### Data section:
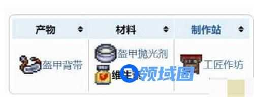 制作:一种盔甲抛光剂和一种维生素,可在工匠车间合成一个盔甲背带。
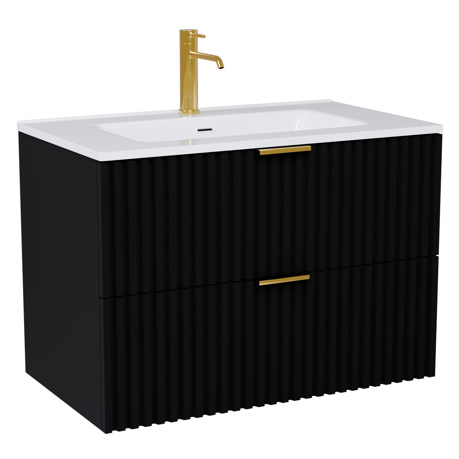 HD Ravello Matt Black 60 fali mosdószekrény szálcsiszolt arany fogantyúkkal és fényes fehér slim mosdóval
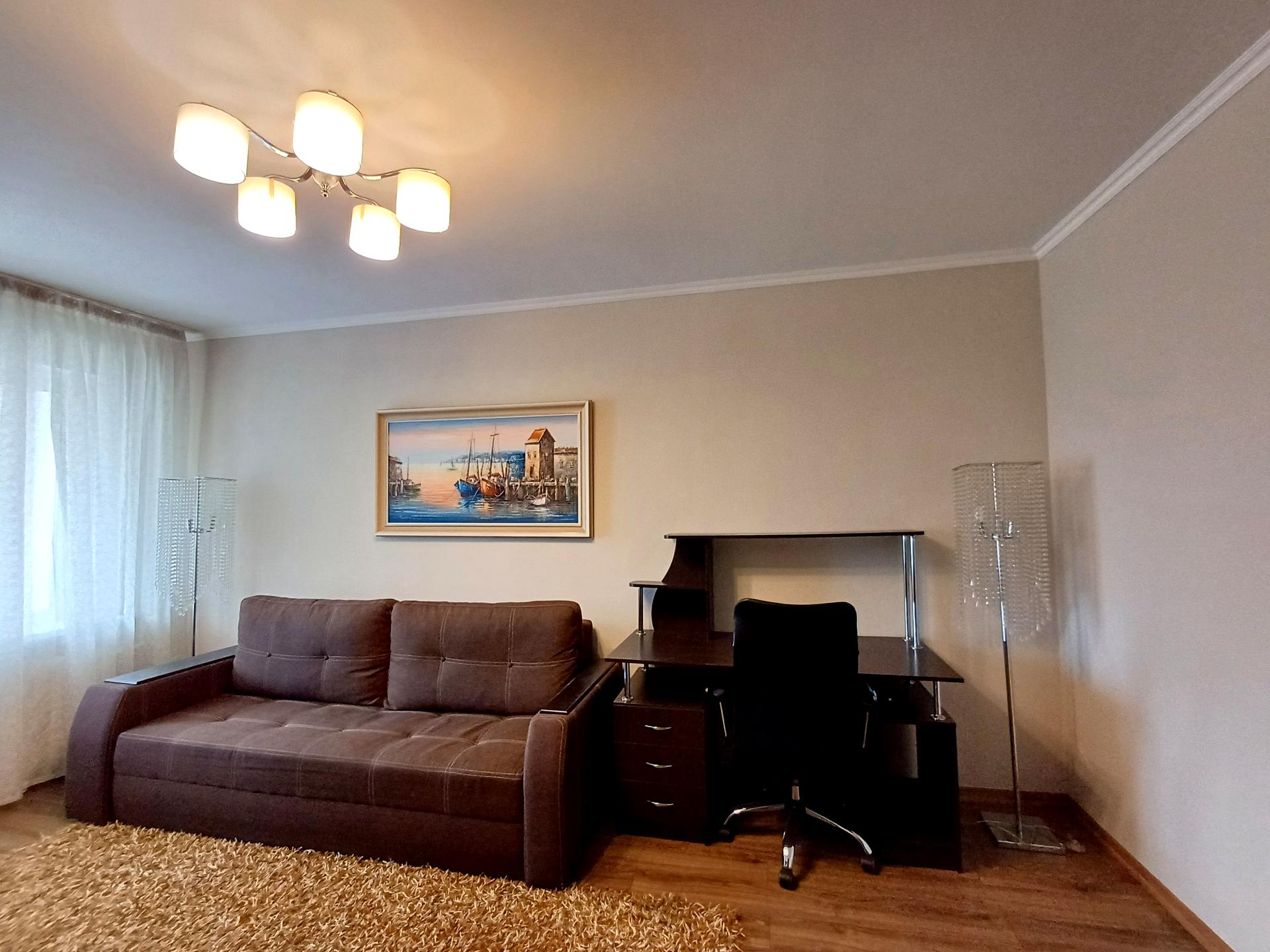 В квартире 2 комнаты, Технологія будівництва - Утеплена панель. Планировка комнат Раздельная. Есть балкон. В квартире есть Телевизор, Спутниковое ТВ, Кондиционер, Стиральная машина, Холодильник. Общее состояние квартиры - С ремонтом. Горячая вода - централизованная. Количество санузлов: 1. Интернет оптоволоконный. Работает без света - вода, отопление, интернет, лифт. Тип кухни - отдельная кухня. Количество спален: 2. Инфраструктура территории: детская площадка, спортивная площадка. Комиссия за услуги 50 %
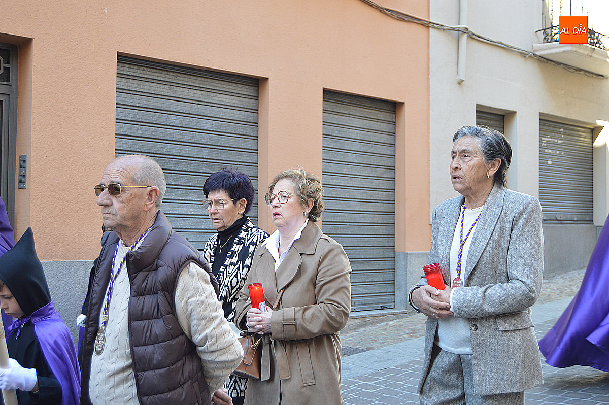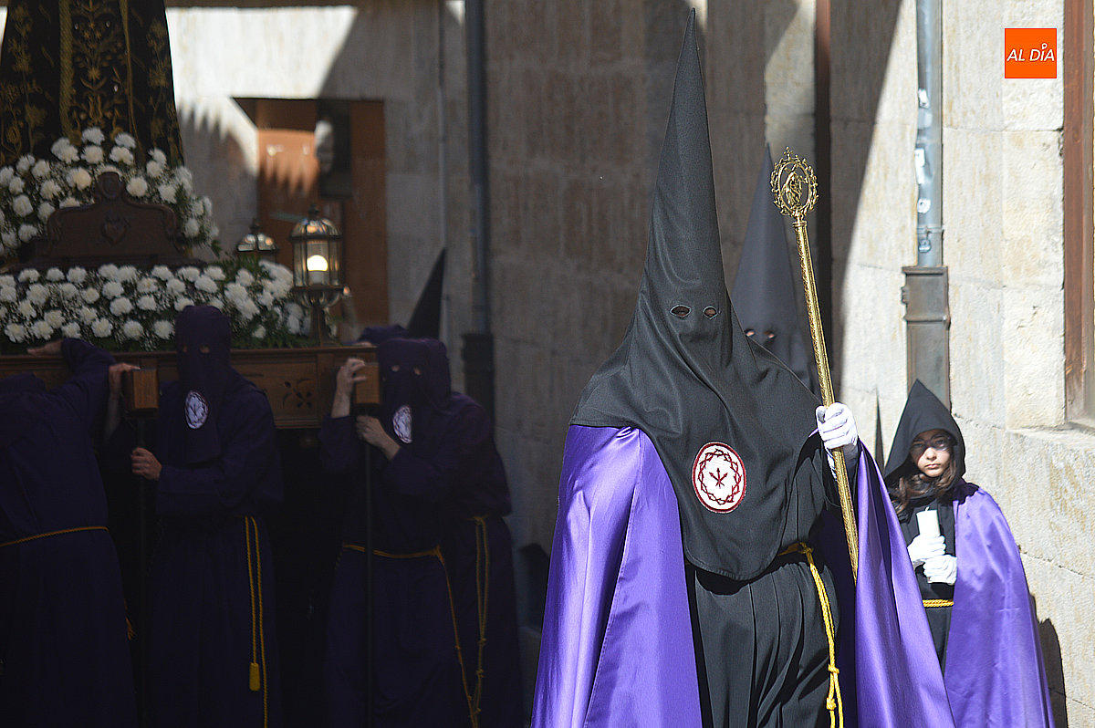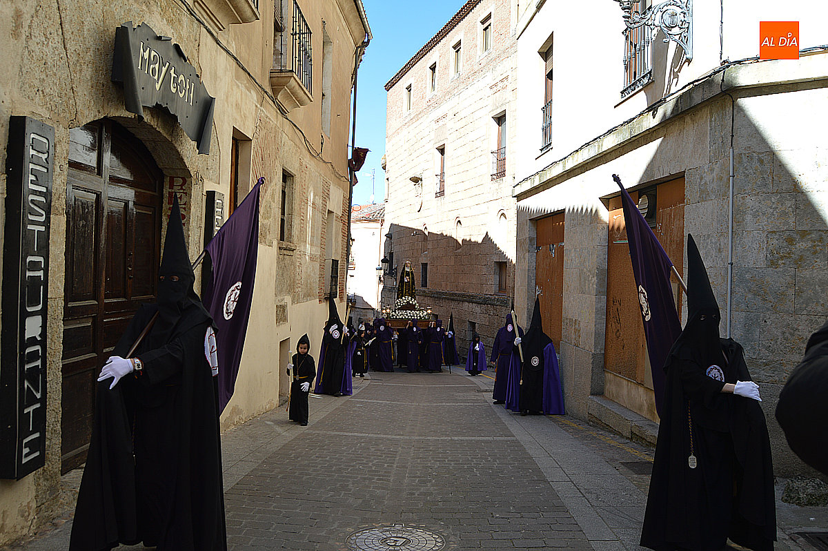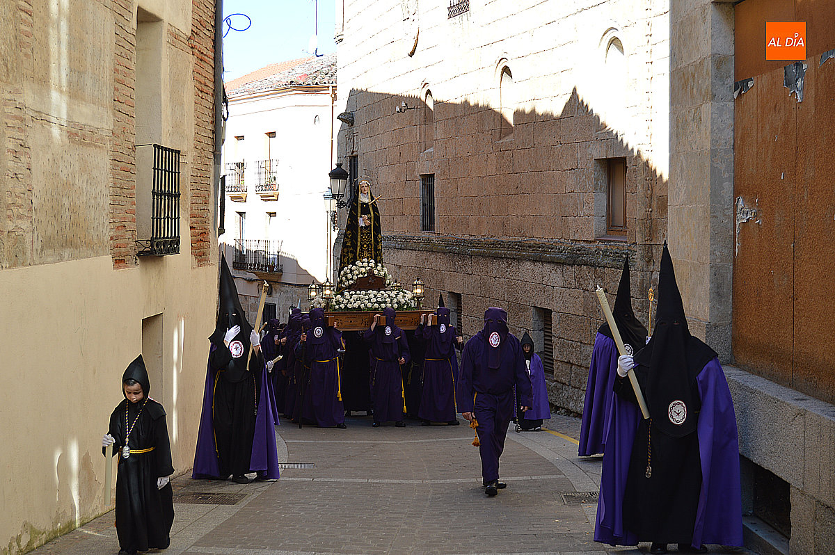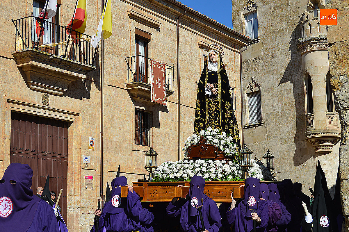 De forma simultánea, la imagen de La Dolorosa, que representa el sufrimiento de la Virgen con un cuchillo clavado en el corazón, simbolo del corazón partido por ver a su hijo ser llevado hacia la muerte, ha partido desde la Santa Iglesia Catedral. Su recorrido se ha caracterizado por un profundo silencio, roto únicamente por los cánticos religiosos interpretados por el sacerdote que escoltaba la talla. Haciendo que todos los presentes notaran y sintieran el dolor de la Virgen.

* * *

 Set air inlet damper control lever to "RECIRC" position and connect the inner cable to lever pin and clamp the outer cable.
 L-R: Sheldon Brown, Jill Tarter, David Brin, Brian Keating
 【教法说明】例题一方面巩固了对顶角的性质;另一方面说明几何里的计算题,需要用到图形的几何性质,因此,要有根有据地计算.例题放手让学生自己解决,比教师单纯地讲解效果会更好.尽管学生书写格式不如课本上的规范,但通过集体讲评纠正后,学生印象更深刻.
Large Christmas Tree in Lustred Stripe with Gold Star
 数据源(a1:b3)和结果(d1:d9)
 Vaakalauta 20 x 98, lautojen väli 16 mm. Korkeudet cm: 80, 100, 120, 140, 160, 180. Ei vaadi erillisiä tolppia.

### Assigned task:
Output only the lines above from the line that holds "В квартире 2" through the line that holds "De forma simultánea, la", both ends included, and exclude pictures.

### Solution:
 В квартире 2 комнаты, Технологія будівництва - Утеплена панель. Планировка комнат Раздельная. Есть балкон. В квартире есть Телевизор, Спутниковое ТВ, Кондиционер, Стиральная машина, Холодильник. Общее состояние квартиры - С ремонтом. Горячая вода - централизованная. Количество санузлов: 1. Интернет оптоволоконный. Работает без света - вода, отопление, интернет, лифт. Тип кухни - отдельная кухня. Количество спален: 2. Инфраструктура территории: детская площадка, спортивная площадка. Комиссия за услуги 50 %
 De forma simultánea, la imagen de La Dolorosa, que representa el sufrimiento de la Virgen con un cuchillo clavado en el corazón, simbolo del corazón partido por ver a su hijo ser llevado hacia la muerte, ha partido desde la Santa Iglesia Catedral. Su recorrido se ha caracterizado por un profundo silencio, roto únicamente por los cánticos religiosos interpretados por el sacerdote que escoltaba la talla. Haciendo que todos los presentes notaran y sintieran el dolor de la Virgen.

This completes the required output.